A: It is not conventional and will not be broadly understood without an explanation of what it means, but there's nothing incorrect about it if you explain it before using it.
Here's another example of its use: Suppose $H_1,\ldots,H_n$ are mutually exclusive hypotheses one of which must be true.

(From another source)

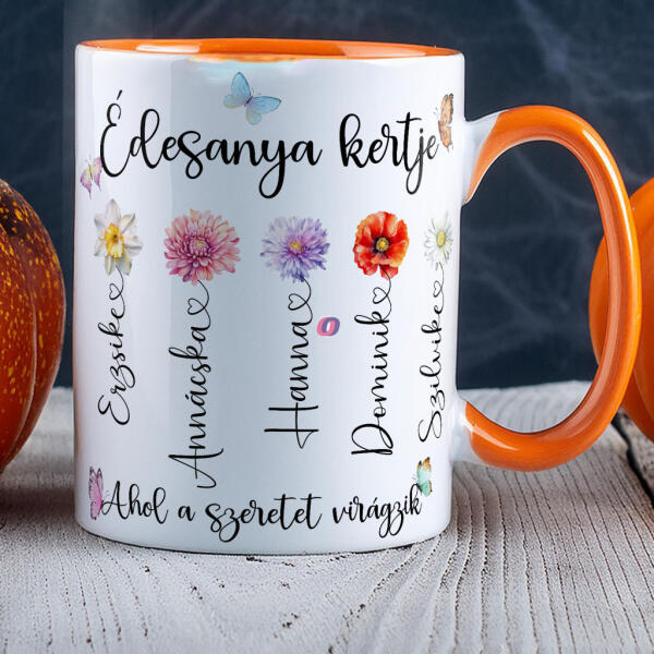 Anyák napi bögre "Anya kertje" egyedi névvel, narancssárga, kerámia kedvező áron, villámgyors szállítással!
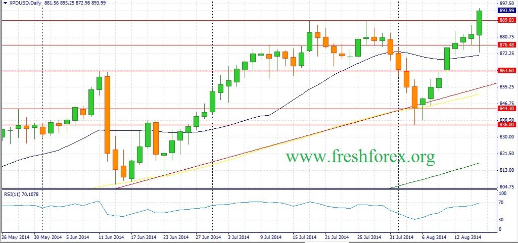 Металлы платиновой группы на грядущей неделе ожидает умеренно нисходящая тенденция на фоне укрепления позиций американской валюты, а так же снижения котировок других товарных активов. Стоит отметить, что палладий (XPD/USD) сейчас выглядит краткосрочно перекупленным и можно ожидать, что данный металл будет сильнее находиться под давлением. Однако, на сильное снижение котировок сейчас рассчитывать не приходится – в мире по-прежнему присутствие дефицит предложения вызванных продолжительными забастовками на платиновых шахтах в ЮАР и в этой связи спрос на платину (XPT/USD) может возникнуть на отметке 1440, а на палладий (XPD/USD) на уровне 870.

Their probabilities given some new data $D$ are desired.  Then
$$
(P(H_1\mid D),\ldots,P(H_n\mid D)) \overset{\wedge}{=} (P(H_1),\ldots,P(H_n)) \cdot (P(D\mid H_1),\ldots,P(D\mid H_n))
$$
where the dot means term-by-term multiplication.  After thus finding the equivalence class of the vector on the left, the constant by which all components must be multiplied to get the actual probabilities is the one that makes their sum equal to $1$.
And yet another example: A linear dependence among vectors $\vec{x}_1,\ldots,\vec{x}_m$ is an $m$-tuple of scalars $c_1,\ldots,c_m$, not all $0$, such that $c_1\vec{x}_1+ \cdots+c_m\vec{x}_m=\vec{0}$.  But any nonzero scalar multiple of $(c_1,\ldots,c_n)$ works just as well, and expresses exactly the same nature of dependence among $\vec{x}_1,\ldots,\vec{x}_m$.  Therefore a linear dependence is really an equivalence class of such tuples.  One way of putting it is that the space of linear dependences is a projective space.